Batam, Jurnalkota.co.id
Rumah Tahanan Negara (Rutan) Kelas IIA Batam menggelar tasyakuran dalam rangka memperingati Hari Bakti Pemasyarakatan (HBP) ke-62 Tahun 2026. Kegiatan ini berlangsung khidmat, sederhana, namun sarat makna kebersamaan di lingkungan Rutan Batam, Jalan Trans Barelang, Kota Batam, Senin (27/4/2026).

Peringatan HBP tahun ini tidak sekadar seremoni, tetapi menjadi momentum memperkuat sinergi antarinstansi sekaligus menegaskan komitmen pemasyarakatan dalam memberikan kontribusi nyata kepada masyarakat.
Kegiatan diawali dengan mengikuti tasyakuran nasional secara virtual melalui Zoom Meeting yang diselenggarakan Direktorat Jenderal Pemasyarakatan. Seluruh jajaran pegawai Rutan Batam mengikuti rangkaian tersebut dengan penuh khidmat sebagai bentuk partisipasi dalam peringatan hari bersejarah bagi insan pemasyarakatan.

Usai kegiatan virtual, acara dilanjutkan dengan penyerahan bantuan berupa gerobak usaha mikro, kecil, dan menengah (UMKM) kepada masyarakat. Bantuan ini diharapkan mampu mendorong pertumbuhan ekonomi masyarakat sekaligus menjadi langkah konkret dalam mendukung kemandirian usaha.
Kepala Rutan Kelas IIA Batam, Fajar Teguh Wibowo, mengatakan bahwa peringatan HBP menjadi momentum refleksi bagi seluruh jajaran pemasyarakatan untuk terus meningkatkan kualitas pelayanan dan pengabdian kepada masyarakat.
“Melalui peringatan ini, kami ingin menegaskan bahwa pemasyarakatan tidak hanya berfokus pada pembinaan warga binaan, tetapi juga hadir memberikan manfaat bagi masyarakat luas, salah satunya melalui pemberdayaan ekonomi,” ujar Fajar.

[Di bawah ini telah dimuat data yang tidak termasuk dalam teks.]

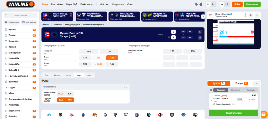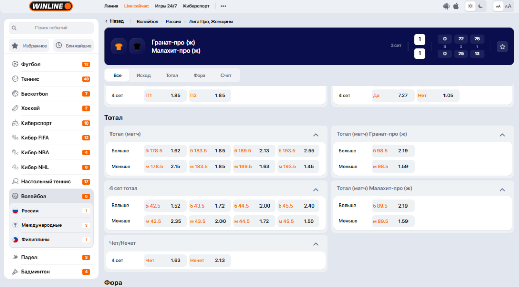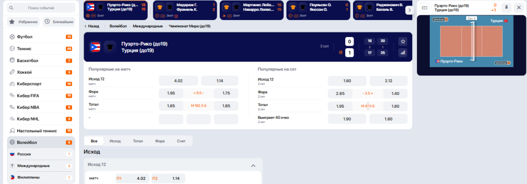 Теперь пошагово рассмотрим, как оформлять пари на результаты волейбольных матчей в лайв-режиме.

Sebagai bentuk apresiasi atas dukungan dan kolaborasi, Rutan Batam juga menyerahkan piagam penghargaan kepada sejumlah mitra kerja, di antaranya Satuan Brimob Polda Kepulauan Riau, Polsek Sagulung, sejumlah lembaga bantuan hukum (LBH), serta Kementerian Agama Kota Batam.
Menurut Fajar, sinergi yang terjalin dengan berbagai pihak selama ini menjadi kunci dalam mendukung pelaksanaan tugas pemasyarakatan yang lebih optimal.
“Kami tidak bisa bekerja sendiri. Dukungan dari aparat penegak hukum, lembaga sosial, dan instansi pemerintah sangat penting untuk mewujudkan sistem pemasyarakatan yang humanis dan berkelanjutan,” katanya.
Rangkaian kegiatan kemudian ditutup dengan prosesi pemotongan tumpeng sebagai wujud rasa syukur. Suasana kehangatan tampak dalam momen makan bersama yang diikuti seluruh jajaran dan mitra kerja.
Kegiatan ini tidak hanya menjadi ajang silaturahmi, tetapi juga mempererat soliditas dan kebersamaan dalam menjalankan tugas dan tanggung jawab ke depan.
Melalui peringatan Hari Bakti Pemasyarakatan ke-62 ini, Rutan Batam menegaskan komitmennya untuk terus bertransformasi menjadi lembaga yang tidak hanya menjalankan fungsi pembinaan, tetapi juga berperan aktif dalam pembangunan sosial dan ekonomi masyarakat.
Semangat kebersamaan, kepedulian, dan pengabdian diharapkan menjadi energi positif dalam mewujudkan sistem pemasyarakatan yang semakin profesional, akuntabel, dan berorientasi pada pelayanan publik.